=== Dataset content ===

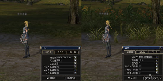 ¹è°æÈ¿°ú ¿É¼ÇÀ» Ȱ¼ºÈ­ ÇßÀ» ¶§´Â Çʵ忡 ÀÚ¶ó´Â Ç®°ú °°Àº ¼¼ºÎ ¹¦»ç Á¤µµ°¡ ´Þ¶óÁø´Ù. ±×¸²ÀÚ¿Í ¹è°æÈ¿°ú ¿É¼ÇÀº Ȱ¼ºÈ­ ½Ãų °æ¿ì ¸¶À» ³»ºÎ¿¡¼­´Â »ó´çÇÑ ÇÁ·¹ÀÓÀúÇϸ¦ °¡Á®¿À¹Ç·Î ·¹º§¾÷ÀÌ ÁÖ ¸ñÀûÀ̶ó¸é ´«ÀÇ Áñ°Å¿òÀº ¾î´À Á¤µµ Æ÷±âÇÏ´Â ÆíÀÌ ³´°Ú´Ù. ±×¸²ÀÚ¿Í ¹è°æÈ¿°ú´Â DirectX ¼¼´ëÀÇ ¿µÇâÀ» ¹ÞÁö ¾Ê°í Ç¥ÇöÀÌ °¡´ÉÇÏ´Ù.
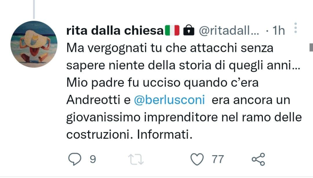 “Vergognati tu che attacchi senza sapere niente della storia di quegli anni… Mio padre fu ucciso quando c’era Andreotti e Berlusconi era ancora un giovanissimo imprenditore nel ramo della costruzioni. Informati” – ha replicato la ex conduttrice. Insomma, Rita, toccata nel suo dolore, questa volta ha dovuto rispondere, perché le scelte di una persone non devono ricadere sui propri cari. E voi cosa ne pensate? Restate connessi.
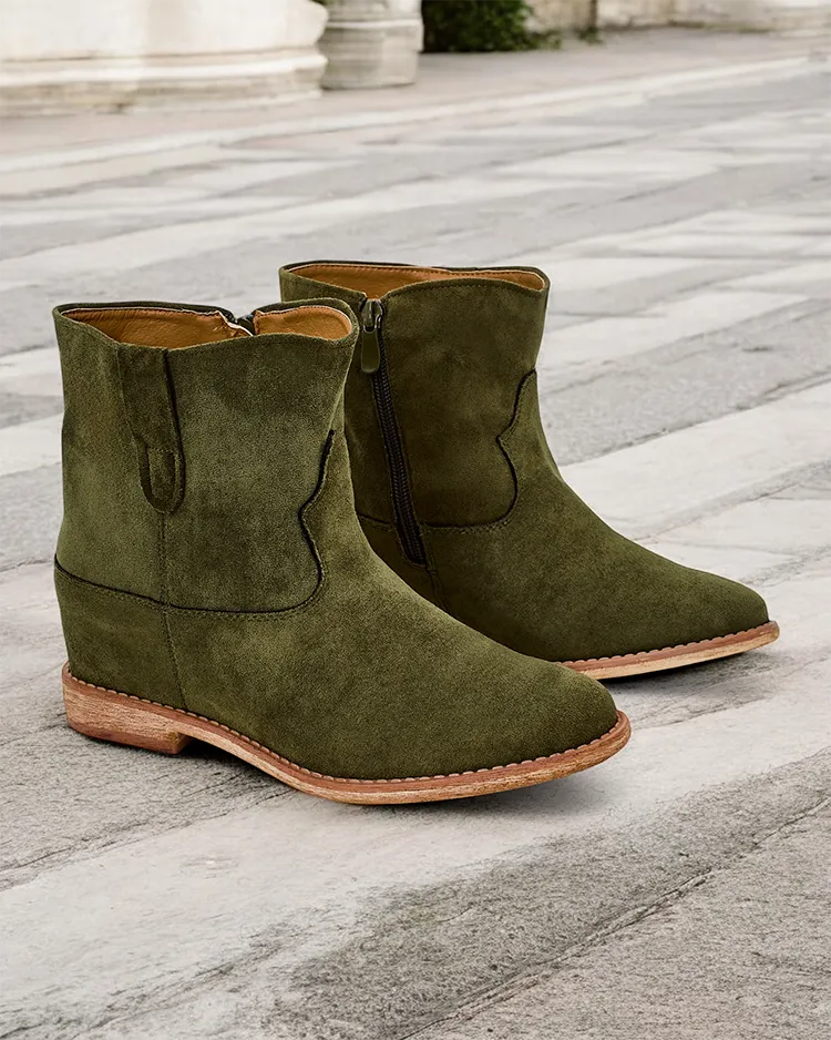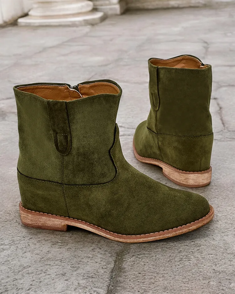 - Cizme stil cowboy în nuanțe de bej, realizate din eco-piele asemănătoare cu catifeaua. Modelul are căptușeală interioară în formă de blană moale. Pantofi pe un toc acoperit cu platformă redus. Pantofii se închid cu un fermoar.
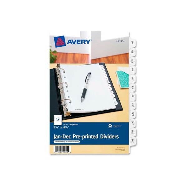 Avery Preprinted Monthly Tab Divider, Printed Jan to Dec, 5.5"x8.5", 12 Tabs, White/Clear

===
=== Dataset content ===

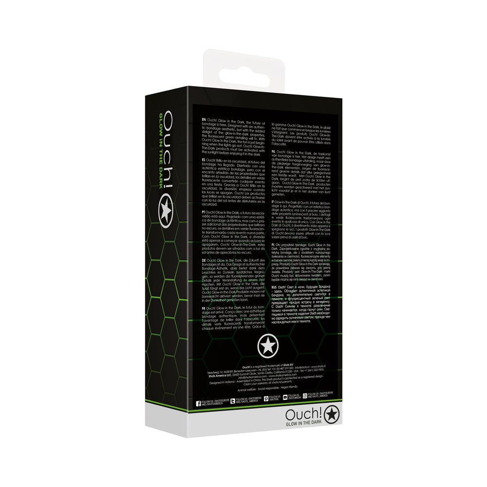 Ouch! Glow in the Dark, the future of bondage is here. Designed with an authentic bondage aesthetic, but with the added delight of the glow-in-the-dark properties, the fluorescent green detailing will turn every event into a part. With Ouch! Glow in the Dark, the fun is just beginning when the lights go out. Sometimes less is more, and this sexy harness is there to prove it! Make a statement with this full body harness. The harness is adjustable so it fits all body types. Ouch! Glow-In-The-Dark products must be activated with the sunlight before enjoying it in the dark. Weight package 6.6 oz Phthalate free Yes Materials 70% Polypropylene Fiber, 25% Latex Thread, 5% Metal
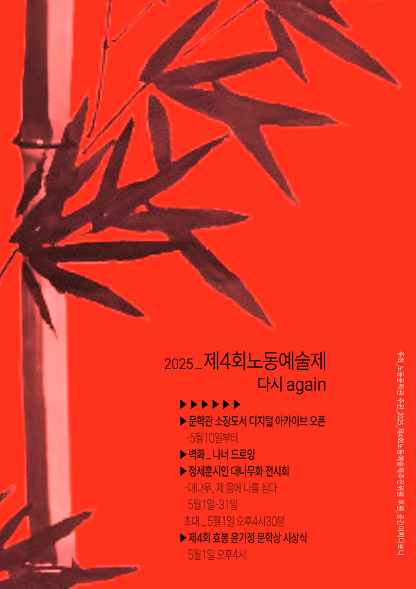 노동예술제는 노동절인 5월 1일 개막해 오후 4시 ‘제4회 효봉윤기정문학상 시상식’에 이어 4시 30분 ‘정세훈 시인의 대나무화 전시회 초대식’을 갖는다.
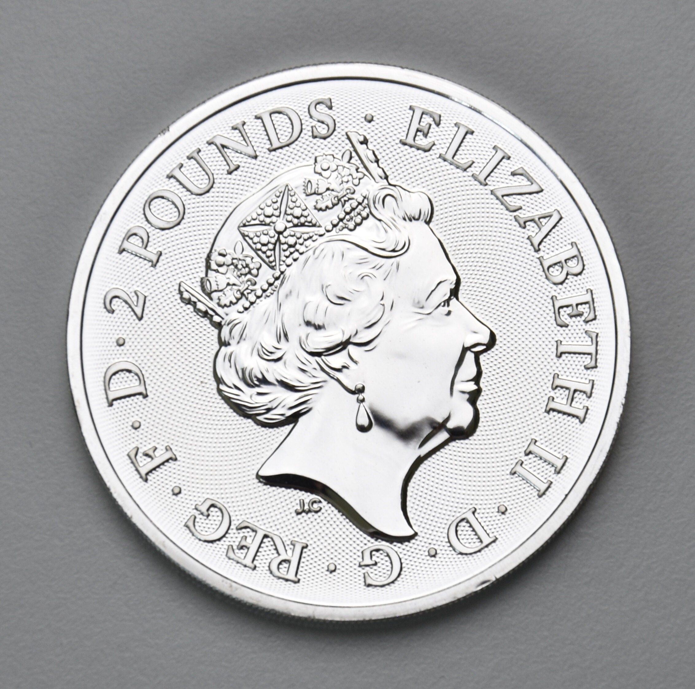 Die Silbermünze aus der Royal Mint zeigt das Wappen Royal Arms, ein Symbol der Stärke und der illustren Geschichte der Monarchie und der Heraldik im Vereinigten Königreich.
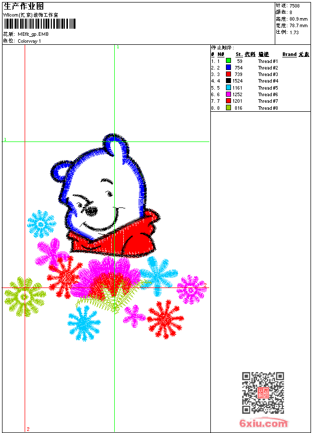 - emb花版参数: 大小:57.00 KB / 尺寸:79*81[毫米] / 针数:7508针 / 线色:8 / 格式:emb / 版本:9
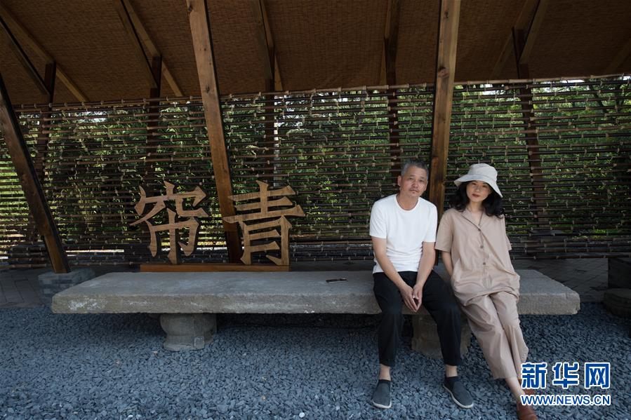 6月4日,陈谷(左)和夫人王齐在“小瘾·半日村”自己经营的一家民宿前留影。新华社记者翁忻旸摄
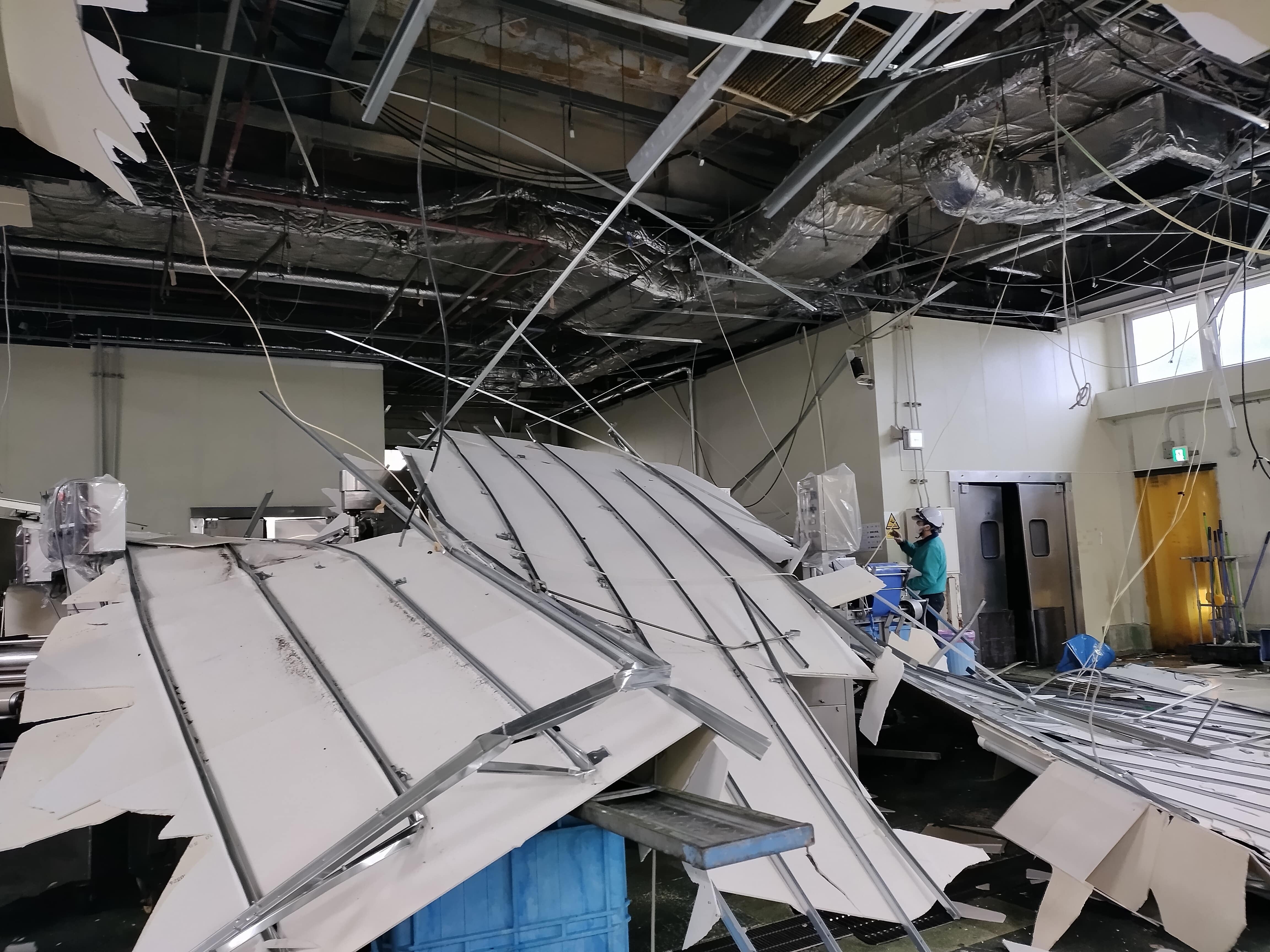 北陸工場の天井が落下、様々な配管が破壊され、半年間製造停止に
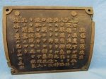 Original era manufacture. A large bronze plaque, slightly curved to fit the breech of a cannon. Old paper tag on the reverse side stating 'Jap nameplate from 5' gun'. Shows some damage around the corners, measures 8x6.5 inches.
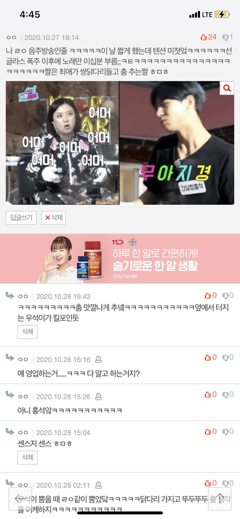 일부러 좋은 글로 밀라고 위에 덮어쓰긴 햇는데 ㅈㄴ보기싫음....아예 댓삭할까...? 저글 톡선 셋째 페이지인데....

===

About this task ▸
Using the data above, give again exactly the lines starting at the one holding "6月4日,陈谷(左)和夫人王" and ending at the one holding "北陸工場の天井が落下、様々な配管が破壊され、半年間製造停止に", inclusive, and nothing more. Omit the pictures.

Expected output ▸
 6月4日,陈谷(左)和夫人王齐在“小瘾·半日村”自己经营的一家民宿前留影。新华社记者翁忻旸摄
 北陸工場の天井が落下、様々な配管が破壊され、半年間製造停止に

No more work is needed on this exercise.